I am looking at an image of the crowds filling Prague's Charles Bridge and beyond as they followed, yesterday, the sleek black hearse containing the coffin of Vaclav Havel - propmaker, playwright, prisoner, president of his country who used a scooter to get around the castle, and godfather to a generation of dissidents, the man who articulated the restarting of 'the clock of history' in his atrophied, sullen and resentful portion of a rebellious Europe, son of an architect and the architect of the Velvet Revolution.
The crowd have gradually slowed to a stop behind the vehicle as it maneuvers to exit the bridge.  There are so many people on the bridge that it seems they might overflow the balustrades and cascade into the cold waters below.
Today it was Havel's funeral, the privately flown-in dutiful, politicians, princes, gathering in  contemplation of the tousled haired, Zappa-loving hero-poet-president, while his compatriots and their children, waiting outside in the damp chill in their thousands, planted fields of glittering candles and notes which simply said 'thank you'.






1984.

The bridge is empty. It's a warm, late evening in August, and for the third time that day I cross the Charles Bridge towards Marta's apartment on Nerudova, just below the Castle steps. The river flows peacefully and silently below, only the distant weir offering a murmuring  of sound.

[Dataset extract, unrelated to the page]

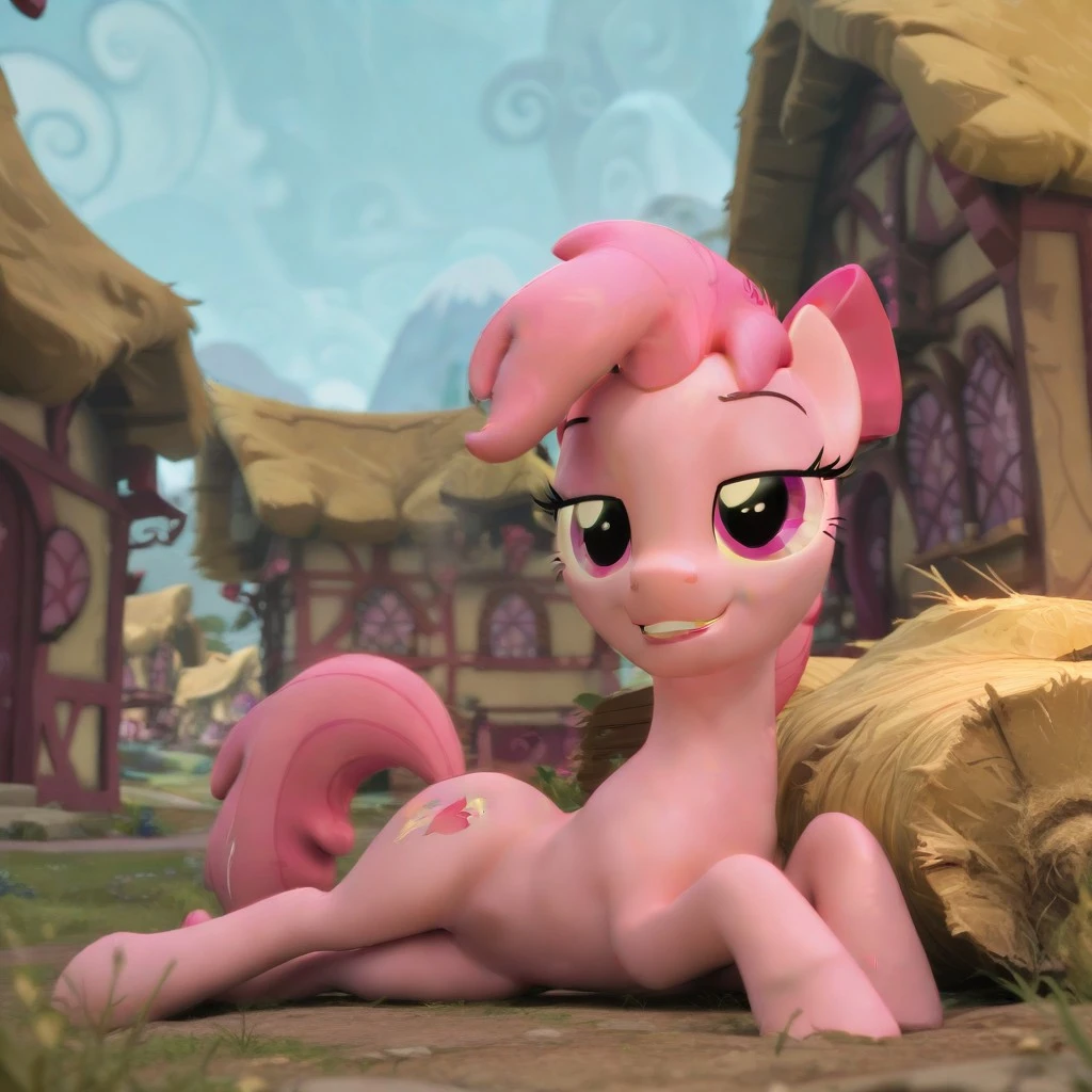 Ponyville appears incorrectly. There were photos of "timber frame, house", "timber frame, house, jetty" and "thatched roof" for regularization and explanation, and pictures of EdPlus 3D model of Ponyville with almost no further details. Add +"yellow thatched roof" and -"purple house" for better colors.

I listen to my own footsteps.

The saints, looking down from the balustrades on either side, remain stonily mute. A man with a small dog is walking towards me, and though at that moment we are the only two people on the bridge he walks by without acknowledging my presence.  In the still and sultry air it seems that the whole city is either sleeping or has been abandoned altogether by it's citizens who have retreated to the cool lakes and trees and rivers of the countryside. It is August, the holiday month. Prague has been left to stew in it's own heat, it's light absorbed by the grey stone.

Once across the bridge I wait, leaning back against the balustrade, away from betraying lantern pools of light, looking back towards the Old Town and it's darkening shapes of dome and tower...looking for movement of dark on darkness.








1 comment:

  1. such a quiet, authentic tone and phrasing in this particular echo. it is absorbing and feels very intimate as though we are floating around in both the narrator's conscious and unconscious. lovely.